In exchange, he offers the idea that we should have something that is an 'energy minimization' architecture; as I understand it, this would have a concept of the 'energy' of an entire response, and training would try and minimize that.

Which is to say, I don't fully understand this. That said, I'm curious to hear what ML researchers think about Lecun's take, and if there's any engineering done around it. I can't find much after the release of ijepa from his group.

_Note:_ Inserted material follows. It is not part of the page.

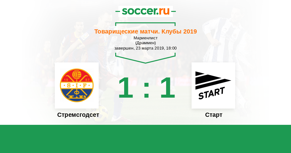 Норвегия. Высшая лига 30.03.2014 Стремсгодсет Логотип футбольный клуб Стремсгодсет (Драммен) 4:2 Логотип футбольный клуб Старт (Кристиансанд) Старт

1. zmmmmm ◴[] No.43369250[source]
So much of our fundamental scientific progress has been made by people who were considered crazy and their ideas delusional. Even mundane software engineering is done with layers of code review and automated tests because even the best engineers are still pretty bad at it. At a larger level, humanity itself seems to largely operate more like an ensemble method where many people in parallel solve problems and we empirically find who was "hallucinating".

Which is just to say, it feels to me like there's a danger that the stochastic nature of outputs is fundamental to true creative intelligence and all attempts to stamp it out will result in lower accuracy overall. Rather we should be treating it more like we do actual humans and expect errors and put layers of process around things where it matters to make them safe.